One thing I am finding, is we have pretty much hard coded max size utf8 char at 3 bytes. There is code in many places (I am starting with dyna). In dyna, I have *=3. In format self test, we have ml/=4 (max length). I am not sure how wide ranging the 3 byte limitation is, but I bet it is very invasive, probably trivial, but invasive.
I started with dyna_29. I chopped off the long pure ascii strings from sapf_utf8.dic. I then had to unique the file (there are dupes in it). When I built a 1500 line input file, with 27 char max, I only process 1493 of them. I have the 7 left, and they are 4 byte values, that are long. I am still investigating why these fail. Once I get this working here (dyna_29 sse build), I will have a better idea on just what steps will be required to make JtR utf-8 work properly with 4 byte utf-8 chars.
The x3 normally supports 4-byte characters too. For example, the real limit for an NT hash is 27 shorts. Three-byte UTF-8 will be one short and that is the dimensioning figure. Four-byte UTF-8 will be two shorts because UTF-16 can not cover such characters without itself resorting to "multi-short" aka surrogates. So even with 4-byte UTF-8 our bumped plaintext length will be enough for max length (which is not 27 then, but 13 and a half :-)
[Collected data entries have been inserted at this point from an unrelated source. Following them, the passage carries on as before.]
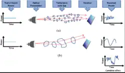 Como o movimento dessas bolsas variam com o tempo e com o espaço, o índice de refração seguirá um movimento aleatório, comportamento denominado Turbulento. Assim todos os feixes ópticos que atravessarem uma região com a presença de bolsas de ar quente sofrem desvios igualmente variantes no tempo e aleatórios. Esse tipo de efeito pode ser contornado, sistemas atuais de FSO (Free Space Optics) já utilizam técnicas de Auto alinhamento para mitigar os desvios.
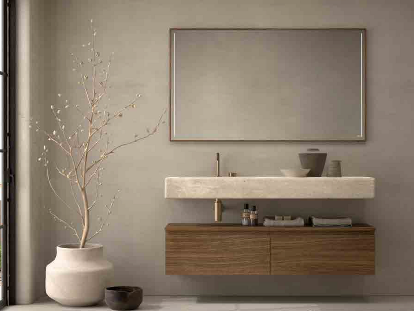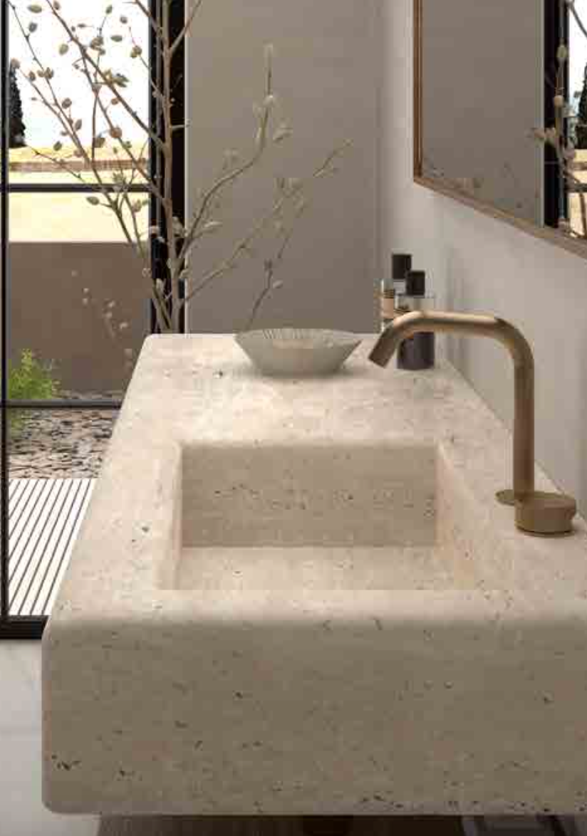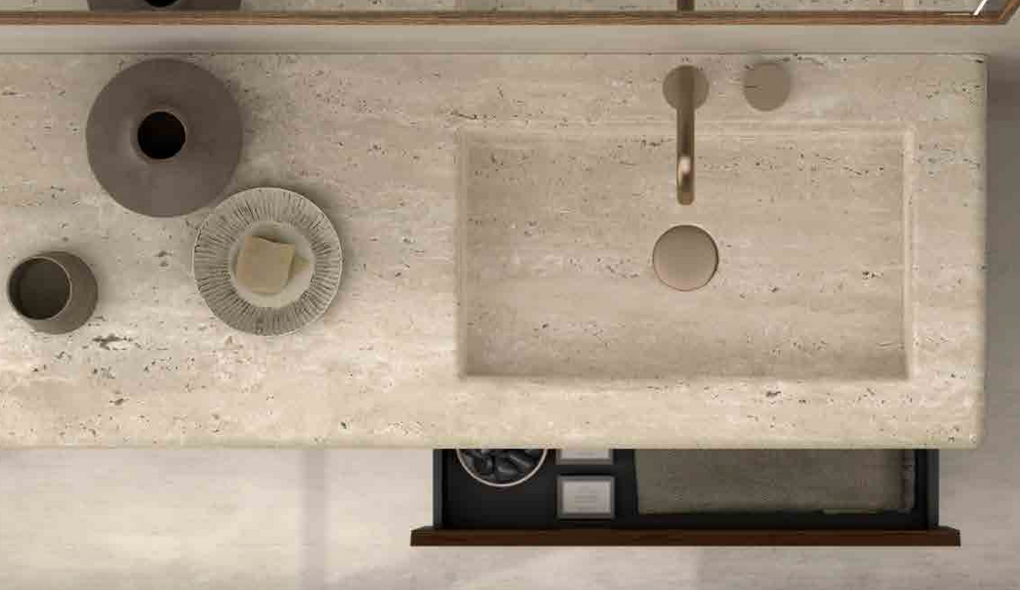 Marble countertop with integrated sink, compatible with the Leo and Cotton vanity unit collections by Maderó Atelier.
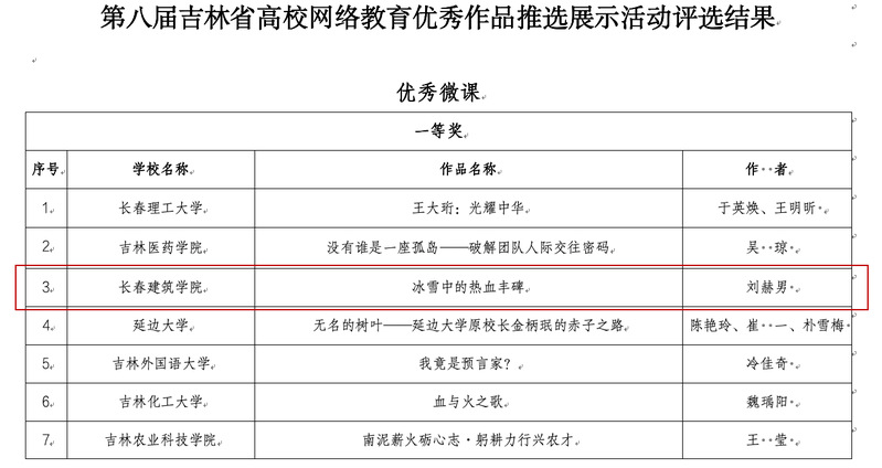 近日,第八届吉林省大学生网络文化节和高校网络教育优秀作品推选展示活动评选结果揭晓,马克思主义学院教师斩获两项荣誉。
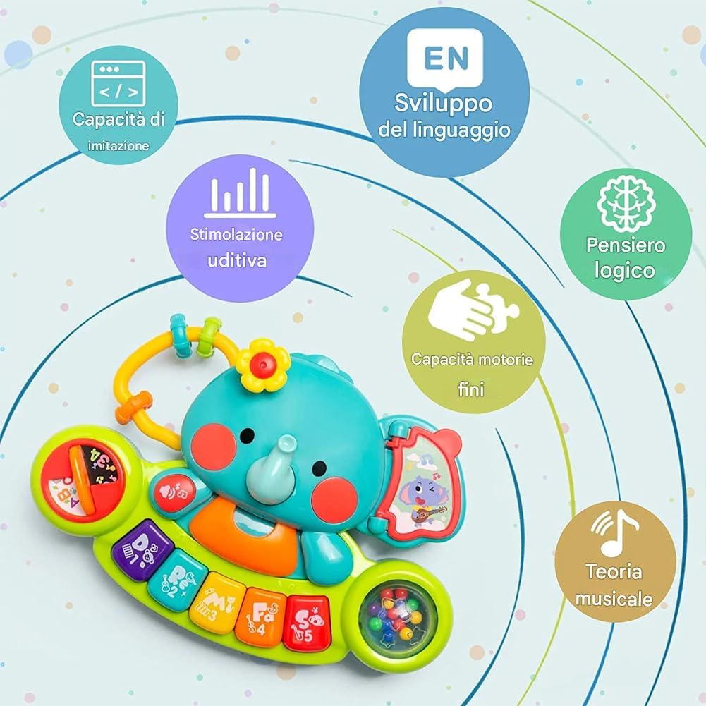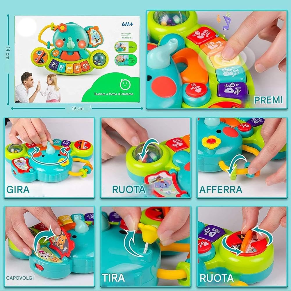 Giocattolo educativo multifunzione – Con 7 attività divertenti (rotazione palla, manopola, pagina girevole, tronco mobile, fiore a tiraggio, cerchi da afferrare e tasti musicali), stimola la motricità fine e grossolana, la coordinazione occhio-mano e la curiosità del bambino, rendendo ogni momento di gioco un’esperienza di apprendimento. Doppia modalità interattiva – In modalità apprendimento (in inglese) il bambino scopre numeri, suoni e versi di animali, mentre in modalità musica si diverte con melodie e ritmi coinvolgenti. Ideale per incoraggiare lo sviluppo del linguaggio e la sensibilità musicale fin dai primi mesi. Pensato per diverse fasi di crescita – Perfetto per neonati dai 6 mesi come supporto al tummy time, rinforzando i muscoli del collo e della schiena. Dai 6 mesi in su, il bimbo può giocarci da seduto, migliorando manualità, percezione sensoriale e capacità di esplorazione autonoma. Sicuro e resistente – Realizzato in plastica ABS premium senza BPA, con bordi lisci e levigati per proteggere la pelle delicata del bambino. Funziona con 3 batterie AAA (non incluse). Un regalo colorato e stimolante, perfetto per compleanni, Natale, Pasqua o qualsiasi occasione speciale.
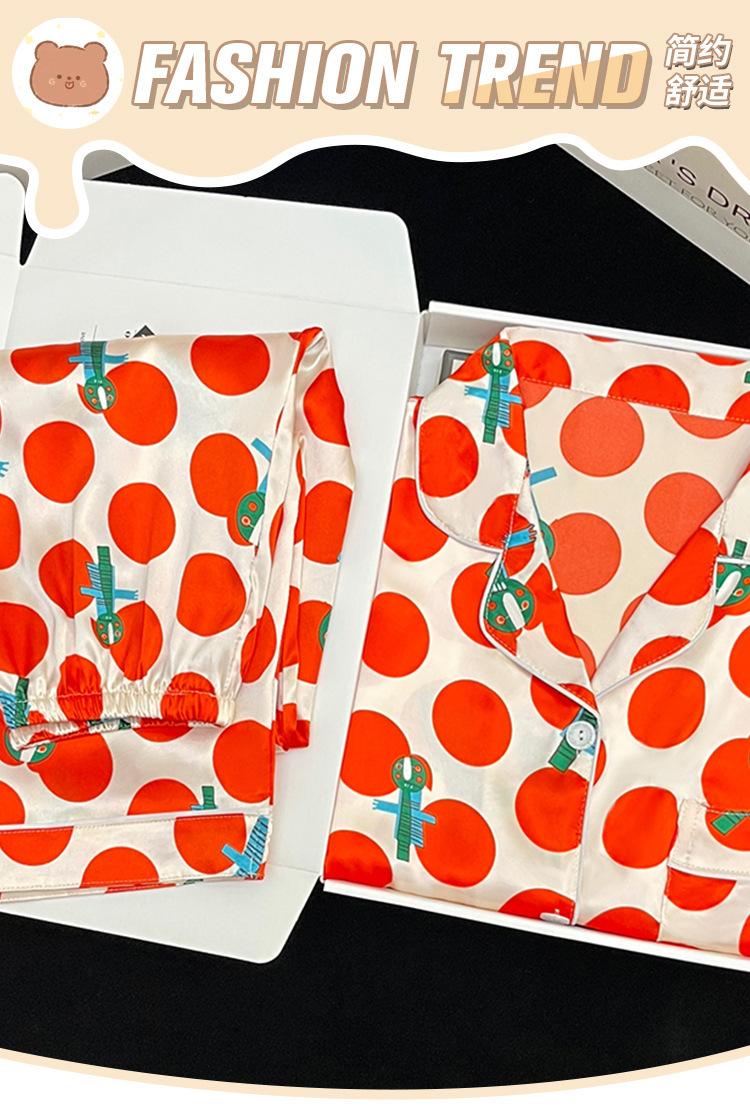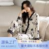 Pijama de Seda de Hielo de Primavera y Otoño para Mujer Cárdigan de Seda Manga Larga Delgada Talla Grande Delgada Ropa Exterior Conjunto de Ropa para el Hogar Foto Real Venta al por Mayor

These 4 byte utf8 are much harder. They seem to require 2 utf-16 elements. I might have to make changes in my perl script to properly handle these. The 7 that are not handled are due to being <= 27 unicode characters, BUT taking more than 27 UTF16 characters to handle.
Uggg.
You are right here. I think the change will have to be done in the pass_gen.pl level. If I specify -maxlen=27 for utf-8, that really means max length = 54 bytes NO MATTER what. So within pass_gen.pl, we will have to be able to figure out how many bytes each character will require in the end. Some take 2 bytes, some take 4.
But I think JtR requires no changes.
Actually, if I do not 'fix' pass_gen, then I will simply pull out the 'failures' by hand (I have done this before). Or I make the input file large enough for 1500 non-SSE hashes, get it working properly at 1500, and then make sure that the 'right' count is determined for the narrow SSE buffers.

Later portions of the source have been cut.